(Items listed in a dataset)
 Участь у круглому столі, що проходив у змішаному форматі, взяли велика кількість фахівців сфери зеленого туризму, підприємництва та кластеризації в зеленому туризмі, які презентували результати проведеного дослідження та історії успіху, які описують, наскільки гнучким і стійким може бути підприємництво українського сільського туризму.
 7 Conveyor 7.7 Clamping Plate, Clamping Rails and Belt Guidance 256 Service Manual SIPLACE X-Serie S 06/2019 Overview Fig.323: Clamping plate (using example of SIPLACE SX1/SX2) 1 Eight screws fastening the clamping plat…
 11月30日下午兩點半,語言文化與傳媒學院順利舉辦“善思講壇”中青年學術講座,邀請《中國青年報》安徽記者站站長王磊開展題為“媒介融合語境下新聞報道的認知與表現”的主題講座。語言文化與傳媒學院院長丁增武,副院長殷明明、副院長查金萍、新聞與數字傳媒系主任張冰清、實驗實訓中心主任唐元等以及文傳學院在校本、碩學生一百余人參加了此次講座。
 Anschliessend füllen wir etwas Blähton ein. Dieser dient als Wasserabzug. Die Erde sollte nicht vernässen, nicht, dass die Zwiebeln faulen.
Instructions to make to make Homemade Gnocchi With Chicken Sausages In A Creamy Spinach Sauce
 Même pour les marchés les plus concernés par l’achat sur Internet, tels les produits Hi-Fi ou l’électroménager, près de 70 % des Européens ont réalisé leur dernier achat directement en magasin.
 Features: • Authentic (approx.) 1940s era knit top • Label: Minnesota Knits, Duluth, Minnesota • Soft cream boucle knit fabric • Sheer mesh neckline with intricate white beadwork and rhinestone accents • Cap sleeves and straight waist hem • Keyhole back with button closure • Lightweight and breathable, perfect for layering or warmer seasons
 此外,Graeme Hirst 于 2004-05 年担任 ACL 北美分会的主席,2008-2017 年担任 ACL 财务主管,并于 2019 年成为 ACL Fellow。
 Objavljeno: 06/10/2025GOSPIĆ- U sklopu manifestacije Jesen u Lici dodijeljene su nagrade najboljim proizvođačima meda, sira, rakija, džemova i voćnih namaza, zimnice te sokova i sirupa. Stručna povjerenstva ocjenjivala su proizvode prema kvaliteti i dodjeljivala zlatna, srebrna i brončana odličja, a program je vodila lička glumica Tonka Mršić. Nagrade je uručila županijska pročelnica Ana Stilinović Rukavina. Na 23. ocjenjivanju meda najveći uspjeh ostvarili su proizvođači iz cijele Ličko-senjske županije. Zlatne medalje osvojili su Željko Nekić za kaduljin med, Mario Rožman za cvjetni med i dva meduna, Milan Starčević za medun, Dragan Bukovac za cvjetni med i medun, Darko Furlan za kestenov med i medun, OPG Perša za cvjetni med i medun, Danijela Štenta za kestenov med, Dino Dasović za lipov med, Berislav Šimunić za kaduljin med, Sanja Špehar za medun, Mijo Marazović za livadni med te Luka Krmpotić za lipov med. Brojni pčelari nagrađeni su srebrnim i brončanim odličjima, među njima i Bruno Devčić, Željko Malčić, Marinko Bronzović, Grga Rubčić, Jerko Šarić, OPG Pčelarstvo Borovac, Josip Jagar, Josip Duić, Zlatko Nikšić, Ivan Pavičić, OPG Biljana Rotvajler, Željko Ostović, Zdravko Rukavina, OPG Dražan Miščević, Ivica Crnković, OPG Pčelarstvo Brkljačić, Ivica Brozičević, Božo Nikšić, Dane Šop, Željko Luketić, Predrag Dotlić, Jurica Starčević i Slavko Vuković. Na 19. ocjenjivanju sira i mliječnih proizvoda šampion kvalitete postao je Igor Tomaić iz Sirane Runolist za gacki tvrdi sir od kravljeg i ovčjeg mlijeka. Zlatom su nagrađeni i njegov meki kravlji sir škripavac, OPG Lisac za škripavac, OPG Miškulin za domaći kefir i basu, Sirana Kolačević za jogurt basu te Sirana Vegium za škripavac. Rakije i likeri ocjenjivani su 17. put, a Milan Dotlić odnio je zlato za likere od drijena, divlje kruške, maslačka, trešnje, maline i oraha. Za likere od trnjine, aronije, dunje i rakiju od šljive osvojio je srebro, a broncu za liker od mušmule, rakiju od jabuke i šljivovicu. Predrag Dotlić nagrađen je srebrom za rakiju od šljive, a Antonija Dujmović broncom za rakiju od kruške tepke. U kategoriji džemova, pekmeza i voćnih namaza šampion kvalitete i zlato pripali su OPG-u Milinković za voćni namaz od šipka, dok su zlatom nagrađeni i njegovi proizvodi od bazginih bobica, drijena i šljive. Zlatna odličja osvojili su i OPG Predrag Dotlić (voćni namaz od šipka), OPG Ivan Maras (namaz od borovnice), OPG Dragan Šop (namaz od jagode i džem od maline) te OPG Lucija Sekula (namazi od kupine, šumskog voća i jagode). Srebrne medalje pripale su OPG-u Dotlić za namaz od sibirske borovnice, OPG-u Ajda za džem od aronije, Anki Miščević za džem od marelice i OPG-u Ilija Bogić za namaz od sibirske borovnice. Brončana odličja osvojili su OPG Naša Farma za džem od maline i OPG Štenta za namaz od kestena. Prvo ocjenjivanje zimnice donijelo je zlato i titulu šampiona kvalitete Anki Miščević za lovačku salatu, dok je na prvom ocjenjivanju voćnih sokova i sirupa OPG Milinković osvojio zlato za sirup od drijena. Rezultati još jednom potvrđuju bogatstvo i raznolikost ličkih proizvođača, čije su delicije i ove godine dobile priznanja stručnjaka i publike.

* [EXERCISE AIM] Down to the last line, retype the entries above exactly.

* [WRITTEN RESPONSE]
 Участь у круглому столі, що проходив у змішаному форматі, взяли велика кількість фахівців сфери зеленого туризму, підприємництва та кластеризації в зеленому туризмі, які презентували результати проведеного дослідження та історії успіху, які описують, наскільки гнучким і стійким може бути підприємництво українського сільського туризму.
 7 Conveyor 7.7 Clamping Plate, Clamping Rails and Belt Guidance 256 Service Manual SIPLACE X-Serie S 06/2019 Overview Fig.323: Clamping plate (using example of SIPLACE SX1/SX2) 1 Eight screws fastening the clamping plat…
 11月30日下午兩點半,語言文化與傳媒學院順利舉辦“善思講壇”中青年學術講座,邀請《中國青年報》安徽記者站站長王磊開展題為“媒介融合語境下新聞報道的認知與表現”的主題講座。語言文化與傳媒學院院長丁增武,副院長殷明明、副院長查金萍、新聞與數字傳媒系主任張冰清、實驗實訓中心主任唐元等以及文傳學院在校本、碩學生一百余人參加了此次講座。
 Anschliessend füllen wir etwas Blähton ein. Dieser dient als Wasserabzug. Die Erde sollte nicht vernässen, nicht, dass die Zwiebeln faulen.
Instructions to make to make Homemade Gnocchi With Chicken Sausages In A Creamy Spinach Sauce
 Même pour les marchés les plus concernés par l’achat sur Internet, tels les produits Hi-Fi ou l’électroménager, près de 70 % des Européens ont réalisé leur dernier achat directement en magasin.
 Features: • Authentic (approx.) 1940s era knit top • Label: Minnesota Knits, Duluth, Minnesota • Soft cream boucle knit fabric • Sheer mesh neckline with intricate white beadwork and rhinestone accents • Cap sleeves and straight waist hem • Keyhole back with button closure • Lightweight and breathable, perfect for layering or warmer seasons
 此外,Graeme Hirst 于 2004-05 年担任 ACL 北美分会的主席,2008-2017 年担任 ACL 财务主管,并于 2019 年成为 ACL Fellow。
 Objavljeno: 06/10/2025GOSPIĆ- U sklopu manifestacije Jesen u Lici dodijeljene su nagrade najboljim proizvođačima meda, sira, rakija, džemova i voćnih namaza, zimnice te sokova i sirupa. Stručna povjerenstva ocjenjivala su proizvode prema kvaliteti i dodjeljivala zlatna, srebrna i brončana odličja, a program je vodila lička glumica Tonka Mršić. Nagrade je uručila županijska pročelnica Ana Stilinović Rukavina. Na 23. ocjenjivanju meda najveći uspjeh ostvarili su proizvođači iz cijele Ličko-senjske županije. Zlatne medalje osvojili su Željko Nekić za kaduljin med, Mario Rožman za cvjetni med i dva meduna, Milan Starčević za medun, Dragan Bukovac za cvjetni med i medun, Darko Furlan za kestenov med i medun, OPG Perša za cvjetni med i medun, Danijela Štenta za kestenov med, Dino Dasović za lipov med, Berislav Šimunić za kaduljin med, Sanja Špehar za medun, Mijo Marazović za livadni med te Luka Krmpotić za lipov med. Brojni pčelari nagrađeni su srebrnim i brončanim odličjima, među njima i Bruno Devčić, Željko Malčić, Marinko Bronzović, Grga Rubčić, Jerko Šarić, OPG Pčelarstvo Borovac, Josip Jagar, Josip Duić, Zlatko Nikšić, Ivan Pavičić, OPG Biljana Rotvajler, Željko Ostović, Zdravko Rukavina, OPG Dražan Miščević, Ivica Crnković, OPG Pčelarstvo Brkljačić, Ivica Brozičević, Božo Nikšić, Dane Šop, Željko Luketić, Predrag Dotlić, Jurica Starčević i Slavko Vuković. Na 19. ocjenjivanju sira i mliječnih proizvoda šampion kvalitete postao je Igor Tomaić iz Sirane Runolist za gacki tvrdi sir od kravljeg i ovčjeg mlijeka. Zlatom su nagrađeni i njegov meki kravlji sir škripavac, OPG Lisac za škripavac, OPG Miškulin za domaći kefir i basu, Sirana Kolačević za jogurt basu te Sirana Vegium za škripavac. Rakije i likeri ocjenjivani su 17. put, a Milan Dotlić odnio je zlato za likere od drijena, divlje kruške, maslačka, trešnje, maline i oraha. Za likere od trnjine, aronije, dunje i rakiju od šljive osvojio je srebro, a broncu za liker od mušmule, rakiju od jabuke i šljivovicu. Predrag Dotlić nagrađen je srebrom za rakiju od šljive, a Antonija Dujmović broncom za rakiju od kruške tepke. U kategoriji džemova, pekmeza i voćnih namaza šampion kvalitete i zlato pripali su OPG-u Milinković za voćni namaz od šipka, dok su zlatom nagrađeni i njegovi proizvodi od bazginih bobica, drijena i šljive. Zlatna odličja osvojili su i OPG Predrag Dotlić (voćni namaz od šipka), OPG Ivan Maras (namaz od borovnice), OPG Dragan Šop (namaz od jagode i džem od maline) te OPG Lucija Sekula (namazi od kupine, šumskog voća i jagode). Srebrne medalje pripale su OPG-u Dotlić za namaz od sibirske borovnice, OPG-u Ajda za džem od aronije, Anki Miščević za džem od marelice i OPG-u Ilija Bogić za namaz od sibirske borovnice. Brončana odličja osvojili su OPG Naša Farma za džem od maline i OPG Štenta za namaz od kestena. Prvo ocjenjivanje zimnice donijelo je zlato i titulu šampiona kvalitete Anki Miščević za lovačku salatu, dok je na prvom ocjenjivanju voćnih sokova i sirupa OPG Milinković osvojio zlato za sirup od drijena. Rezultati još jednom potvrđuju bogatstvo i raznolikost ličkih proizvođača, čije su delicije i ove godine dobile priznanja stručnjaka i publike.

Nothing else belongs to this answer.